Contact: Jennifer A. Galloway, Chief Communications Officer
202-838-1500
jgalloway@msrb.org
MSRB REDUCES FINANCIAL RESERVE TARGET AND
PROVIDES TEMPORARY REDUCTION IN DEALER FEES
Washington, DC – The Municipal Securities Rulemaking Board (MSRB) today announced that it will provide a six-month rate reduction of assessment for the MSRB’s underwriting, transaction and technology fees for brokers, dealers and municipal securities dealers (collectively “dealers”). The temporary fee reduction is intended to reduce the MSRB’s financial reserve levels, which have exceeded the target level set by the MSRB Board of Directors.
The MSRB also is implementing a new construct for setting the level of financial reserves needed to mitigate fluctuations in the MSRB’s revenue stream, which is primarily market-driven, and provide a backstop for funding services essential to the integrity of the market. The new reserves construct precipitated a decision by the Board to reduce target reserve levels and also take prompt action to temporarily reduce fees for dealers.
“Evaluating reserve levels and their appropriate target has been a strategic priority for the Board this year,” said Board Chair Gary Hall. “Today’s announcement reflects the Board’s recognition that a reduction in that level was warranted in order to right-size reserves while ensuring that the MSRB has the ability to meet unexpected, unpredictable and strategic investment needs over the long-term.” Read Chair Hall's message to stakeholders.
The upcoming temporary reduction in the fee assessment applies to dealer activity for the period April 1 to September 30, 2019. Rates for underwriting, transaction and technology fees will be reduced by approximately one-third during the six-month period. The temporary fee reduction is expected to result in approximately $5.2 million in foregone revenue for the MSRB. The six-month duration of the fee reduction is expected to capture a representative portion of dealer activity, resulting in as equitable a reduction as possible. Read the rule filing with the U.S. Securities and Exchange Commission, which provides details on the temporary fee reduction.
While all MSRB regulated entities contribute to the revenue base, the fees included in the temporary reduction constitute approximately 79% of the MSRB’s fiscal year 2019 budgeted revenue and are market based and inherently unpredictable. They also have historically exceeded their respective budgeted amounts, thereby directly contributing to the excess reserves position. Other fees assessed by the MSRB contribute to the funding of the organization, however they have not contributed to excess reserves. Over time, as the MSRB has considered the reasonable fees and charges necessary to fund operations, it has continually strived to have an equitable balance of fees among dealers and municipal advisors, and continues to evaluate appropriate fee levels.

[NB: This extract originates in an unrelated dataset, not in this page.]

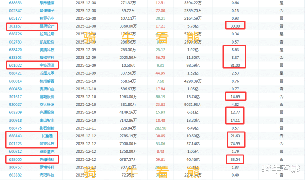12月12日(周五)长盈通解禁比例达到21.63%;欧克科技解禁比例达到74.99%;先锋精科解禁比例达到33.54%。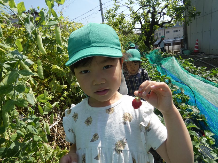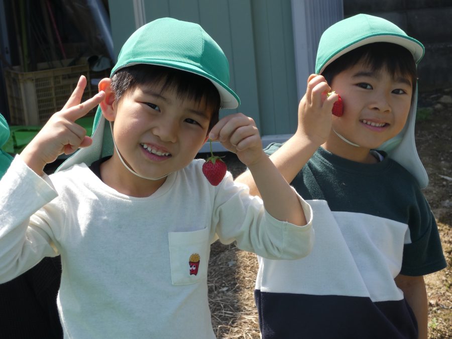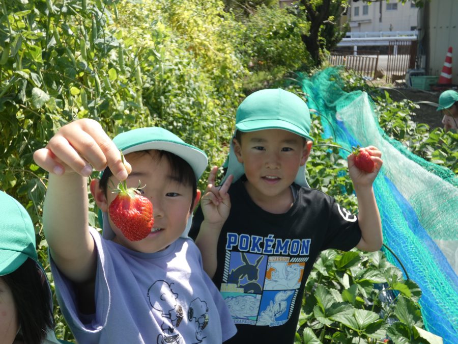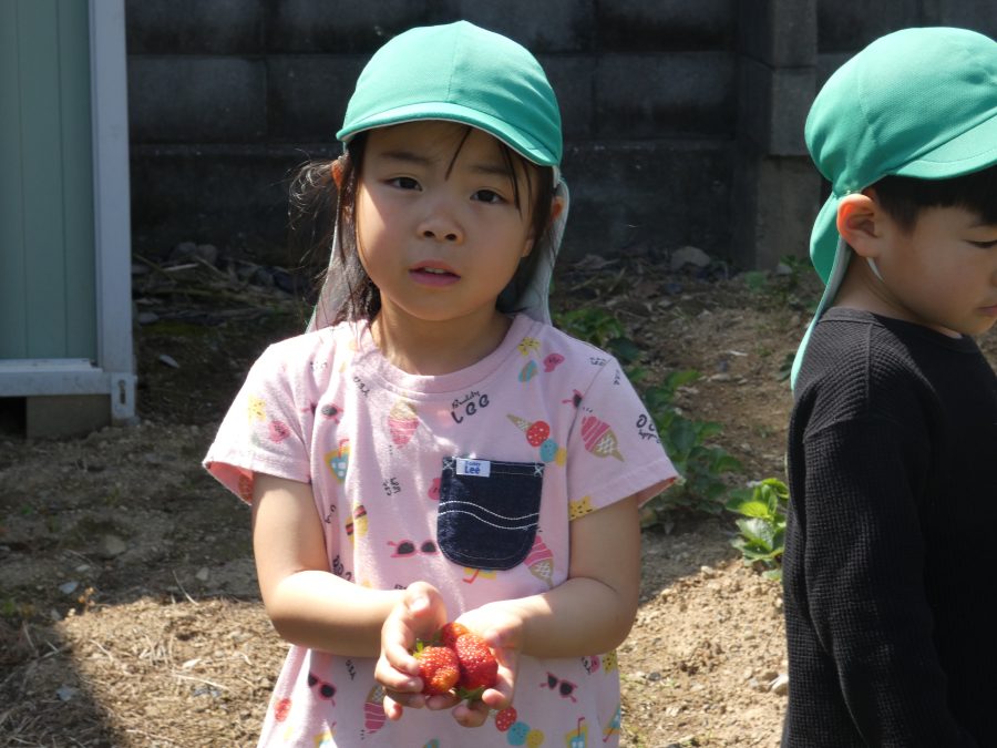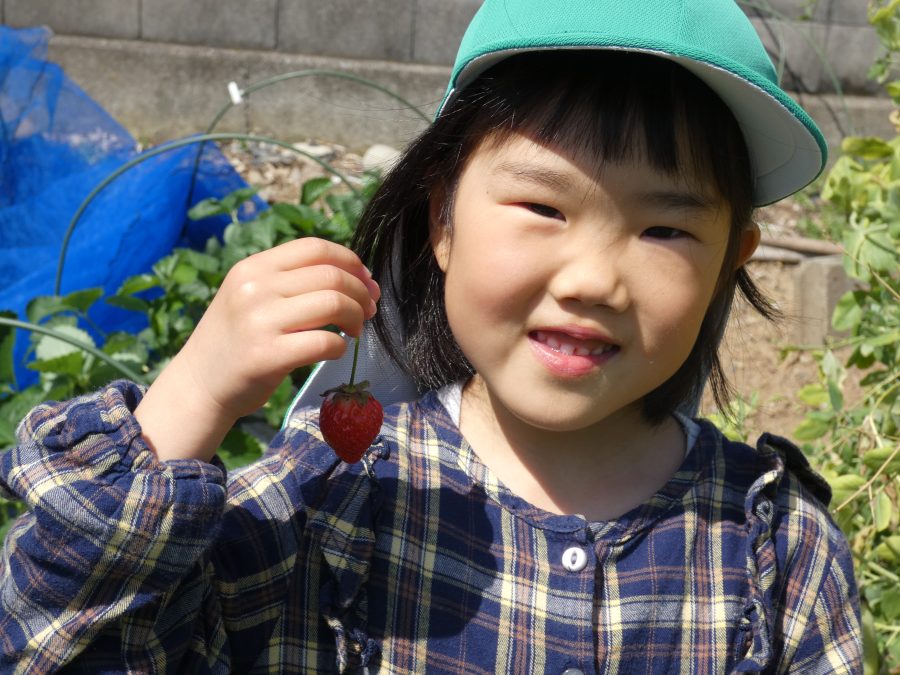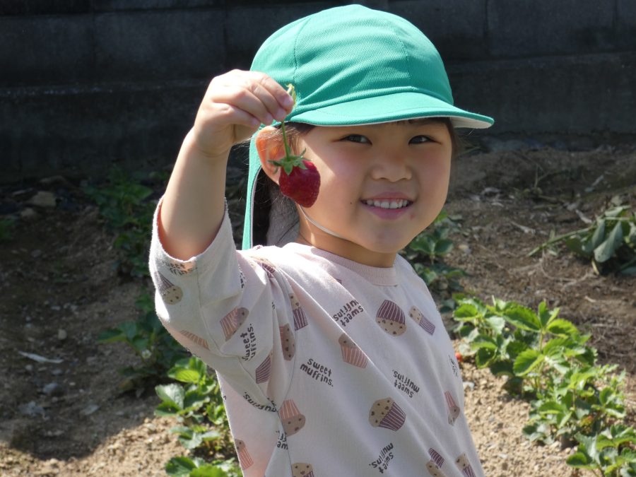 緑組さんが第2農園でイチゴの収穫をしました。農園では、「いいにお~い!」と赤く熟れた苺の甘いにおいに歓声をあげていました。

The reduction that begins in April follows an identical three-month reduction in underwriting, transaction and technology fees that occurred from October 1 to December 31, 2018, which was also undertaken to address excess reserves. The MSRB’s fiscal year 2019 budget includes projections showing reserves falling below the new target beginning in fiscal year 2021. "Depending on actual results, increases in current revenue sources or additional revenue sources will need to be considered to ensure sufficient revenue to fund operations and maintain the financial health of the organization," Hall said.